- Joined
- Aug 20, 2022
- Messages
- 29,376
- Points
- 113
It's Over
I wasn't looking for this. You reached out to me, and something about you made me curious enough to try. So I did. We talked, and I came to see you. And you were unlike any woman I've ever had the chance to meet. In every specific way that mattered to me. Not that I had some checklist, but you somehow checked all the boxes I hadn't even written down yet.
The only problem was that you were married... and you didn't know when that would change. I knew that going in, this is true. I made that choice with my eyes open, and I can't lay that at anyone's feet but mine.
I wish I was built differently, and that you hadn't made me feel the way that I did. That I could have held some part of myself back, in reserve. But that's not how I work. And some part of me knew that going in too. I fell hard and I fell fast and I fell completely, as I often do. But this time, it was with you. And.. somewhere, along the way, without any fanfare or announcement, I fell in love with you.
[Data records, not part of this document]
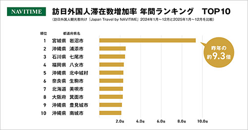 ナビタイム、2025年の市区町村別滞在増加率を発表 ナビゲー…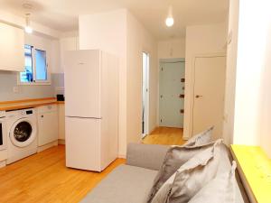 The accommodation includes air conditioning, a washing machine, towels and bed linen for added comfort. The bathroom comprises a toilet and shower while the living space features a sofa bed for additional sleeping arrangements.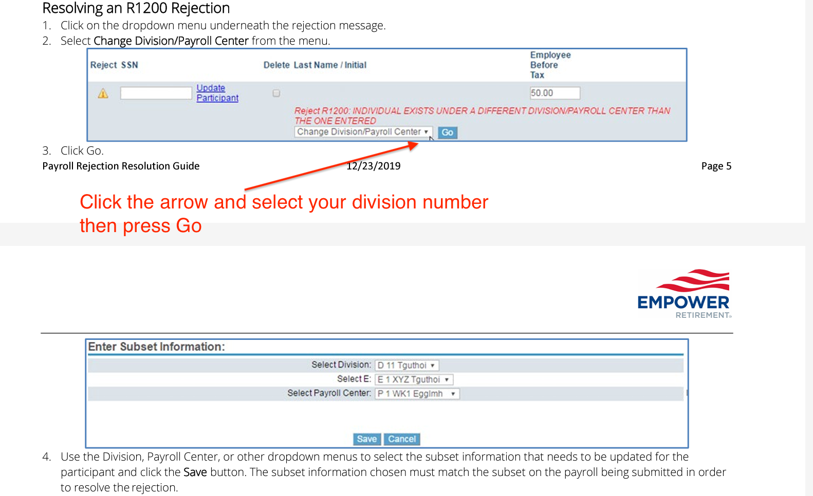 Please follow the steps outlined in the Rejection Error to select your division number and clear the error to proceed. To mass clear, select “View All Rejects/Mass Clear”, select all, then “Change Division/Payroll Center”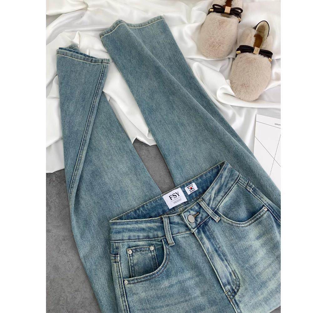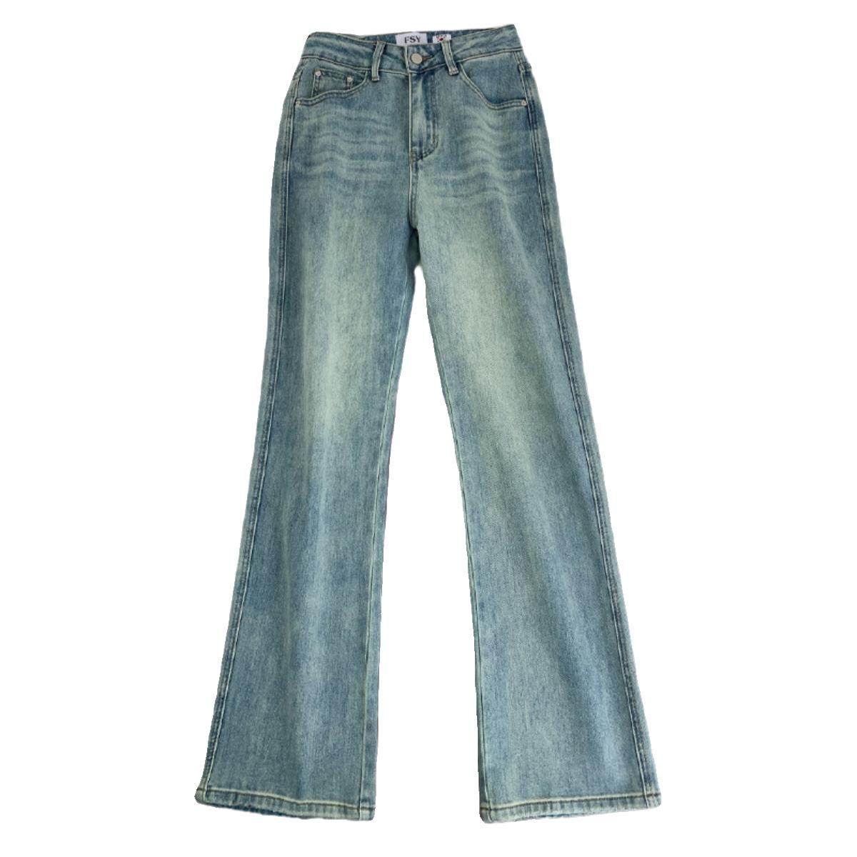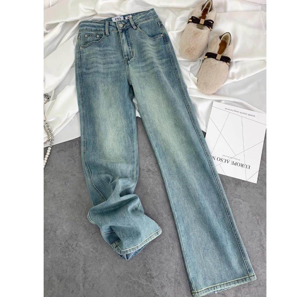 首页> 女装> 浅色高腰阔腿牛仔裤女2025新款春秋季宽松显瘦弹力字母刺绣直筒裤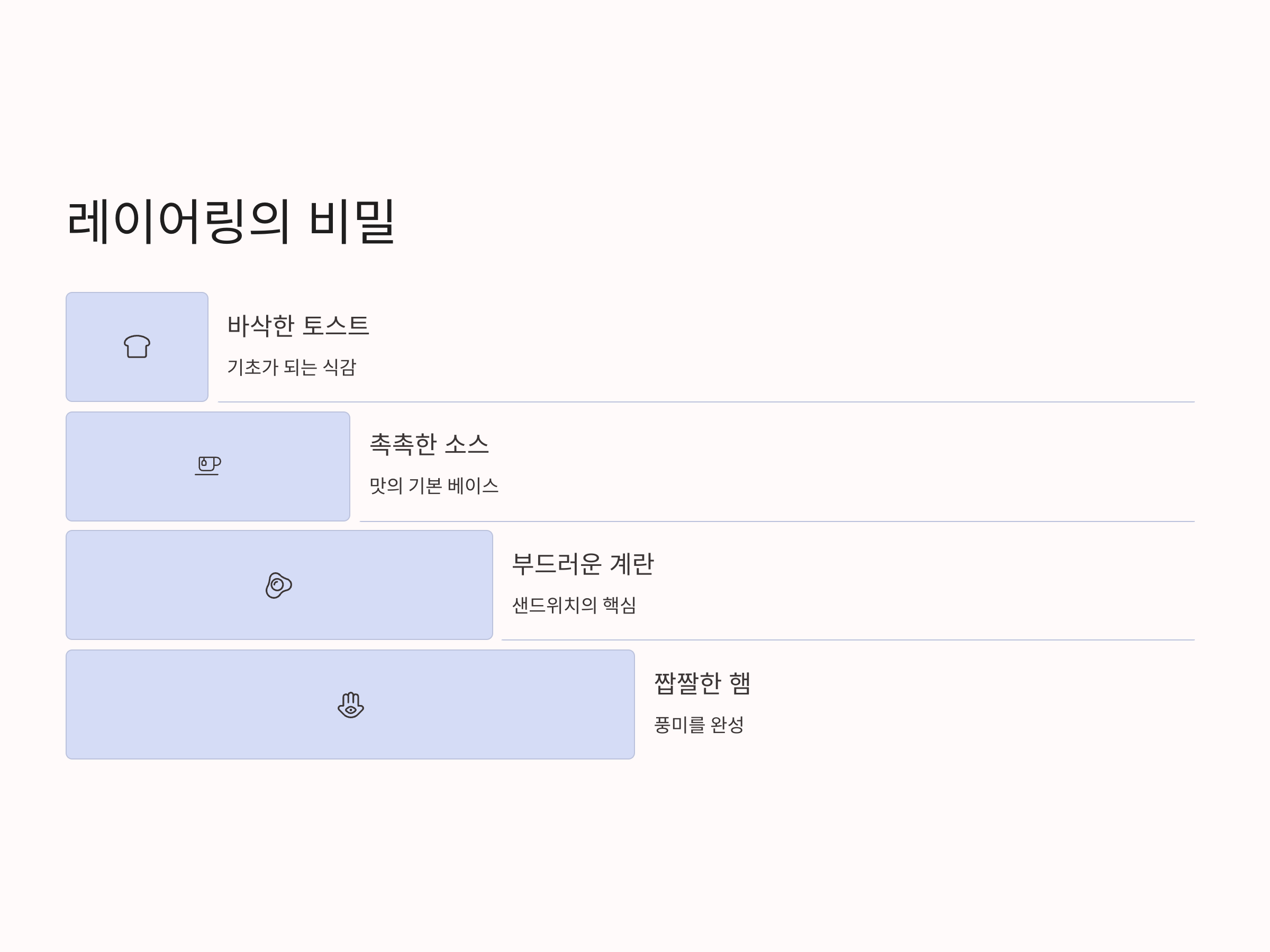 이 구조는 재료가 흘러내리지 않으면서도 풍미를 층층이 즐길 수 있는 배치입니다.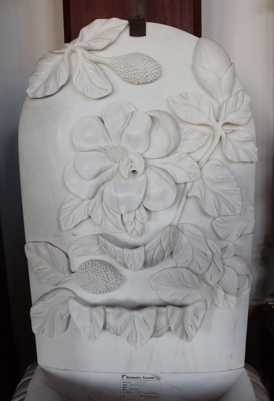 Fontaine en marbre blanc à décor de fleurs et de feuilles.

You occupied my thoughts in a way no one else had in a long time. Probably ever. Not in a consuming, anxious way. But in the way that feels like warmth. Like home. I'd be in the middle of something ordinary and find myself thinking of your laugh. I'd catch myself imagining a future that hadn't been promised, and it didn't feel like fantasy. It felt like something I deserved. That I was allowed to want.
I envisioned us together in the small ways, not just the grand ones. Mornings. Coffee. You nearby while I worked. Coming home to the same address. Learning your rhythms and you mine. I wanted to be with you every single day in the most ordinary of ways. I can't explain the number of times I imagined you walking through my house with me.
That's what is going to make this so hard to put down. It wasn't just you. It was everything I could see so clearly when I looked at us. And I still see it. That's the honest truth. If you find your footing, if you finally do what you need to do and make the decisions you need to make, then come find me. I'll still be here. That hasn't changed, because I love you. I don't know if that makes any of this easier or more complicated, but it's true and you deserve to know it.
I don't know if that makes me hopeful, or just hanging onto something I know I'm not allowed to have, I don't know. But you're the one that left the door open. I'm not sure it matters, because it's where I am.
You were real. What we had was real. And I'm still sitting here with all of it, not knowing what comes next. Still wanting the thing I wanted from the very beginning.